START RECORDS FOR THE EXERCISE

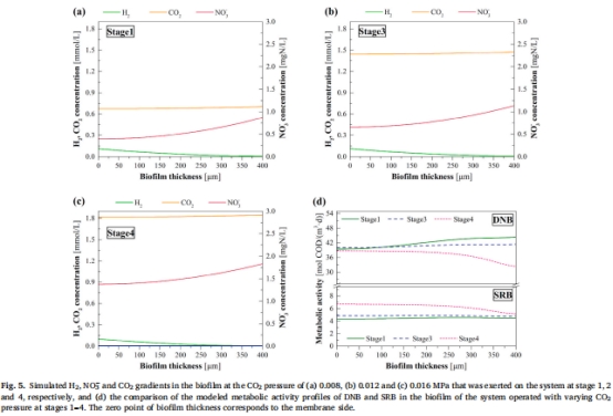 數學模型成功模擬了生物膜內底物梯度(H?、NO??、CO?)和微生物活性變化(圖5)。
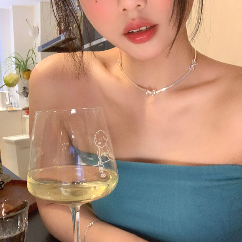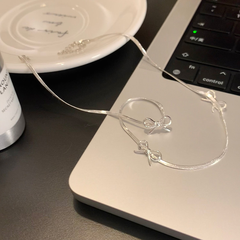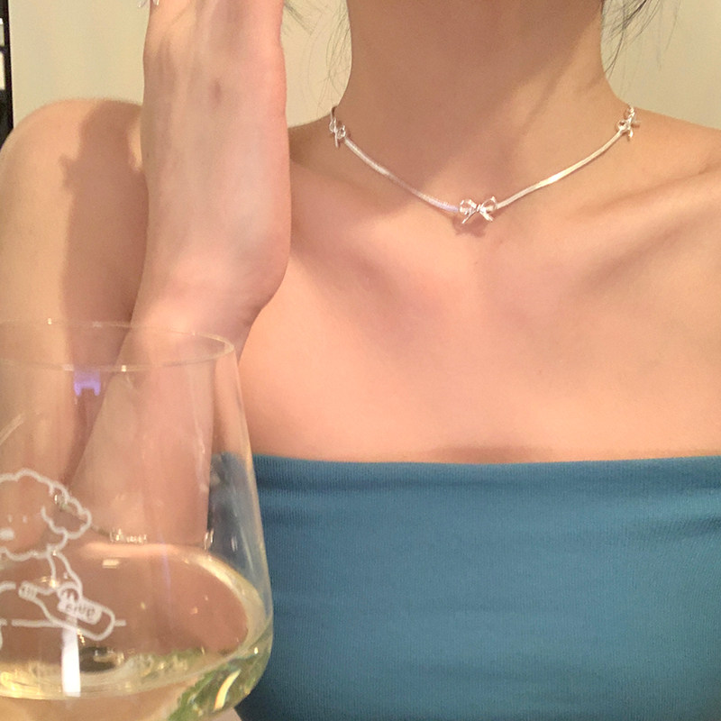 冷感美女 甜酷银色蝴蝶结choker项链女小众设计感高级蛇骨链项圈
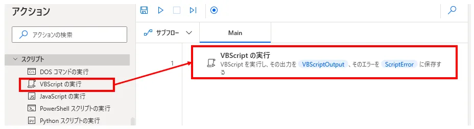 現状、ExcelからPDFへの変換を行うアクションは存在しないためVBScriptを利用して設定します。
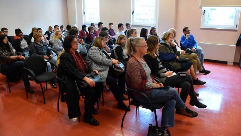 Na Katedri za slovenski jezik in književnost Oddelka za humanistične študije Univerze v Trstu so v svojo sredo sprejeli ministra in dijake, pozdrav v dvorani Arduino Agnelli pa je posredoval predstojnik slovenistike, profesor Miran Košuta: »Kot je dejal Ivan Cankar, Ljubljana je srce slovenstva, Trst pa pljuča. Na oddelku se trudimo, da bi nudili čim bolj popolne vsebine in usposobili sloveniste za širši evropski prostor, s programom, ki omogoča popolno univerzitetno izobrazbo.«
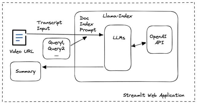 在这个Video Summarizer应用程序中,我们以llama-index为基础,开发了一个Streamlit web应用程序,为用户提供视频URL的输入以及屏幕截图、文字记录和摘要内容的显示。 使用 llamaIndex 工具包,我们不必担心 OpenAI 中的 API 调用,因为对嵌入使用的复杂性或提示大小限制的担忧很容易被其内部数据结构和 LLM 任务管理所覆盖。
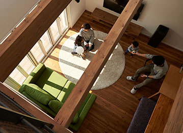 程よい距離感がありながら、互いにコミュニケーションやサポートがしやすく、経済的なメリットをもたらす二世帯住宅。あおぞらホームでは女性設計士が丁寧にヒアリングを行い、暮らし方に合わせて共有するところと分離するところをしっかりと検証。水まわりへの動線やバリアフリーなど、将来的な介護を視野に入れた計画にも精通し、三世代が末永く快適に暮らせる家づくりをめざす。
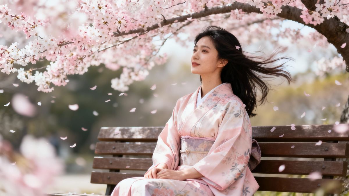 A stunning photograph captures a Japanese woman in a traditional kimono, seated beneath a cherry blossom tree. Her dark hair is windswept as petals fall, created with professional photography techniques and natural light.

END RECORDS FOR THE EXERCISE

◆ **YOUR INSTRUCTIONS**
Word for word, restate the records above and drop the pictures.

◆ **RESULT OF THIS TASK**
 數學模型成功模擬了生物膜內底物梯度(H?、NO??、CO?)和微生物活性變化(圖5)。
 冷感美女 甜酷银色蝴蝶结choker项链女小众设计感高级蛇骨链项圈
 現状、ExcelからPDFへの変換を行うアクションは存在しないためVBScriptを利用して設定します。
 Na Katedri za slovenski jezik in književnost Oddelka za humanistične študije Univerze v Trstu so v svojo sredo sprejeli ministra in dijake, pozdrav v dvorani Arduino Agnelli pa je posredoval predstojnik slovenistike, profesor Miran Košuta: »Kot je dejal Ivan Cankar, Ljubljana je srce slovenstva, Trst pa pljuča. Na oddelku se trudimo, da bi nudili čim bolj popolne vsebine in usposobili sloveniste za širši evropski prostor, s programom, ki omogoča popolno univerzitetno izobrazbo.«
 在这个Video Summarizer应用程序中,我们以llama-index为基础,开发了一个Streamlit web应用程序,为用户提供视频URL的输入以及屏幕截图、文字记录和摘要内容的显示。 使用 llamaIndex 工具包,我们不必担心 OpenAI 中的 API 调用,因为对嵌入使用的复杂性或提示大小限制的担忧很容易被其内部数据结构和 LLM 任务管理所覆盖。
 程よい距離感がありながら、互いにコミュニケーションやサポートがしやすく、経済的なメリットをもたらす二世帯住宅。あおぞらホームでは女性設計士が丁寧にヒアリングを行い、暮らし方に合わせて共有するところと分離するところをしっかりと検証。水まわりへの動線やバリアフリーなど、将来的な介護を視野に入れた計画にも精通し、三世代が末永く快適に暮らせる家づくりをめざす。
 A stunning photograph captures a Japanese woman in a traditional kimono, seated beneath a cherry blossom tree. Her dark hair is windswept as petals fall, created with professional photography techniques and natural light.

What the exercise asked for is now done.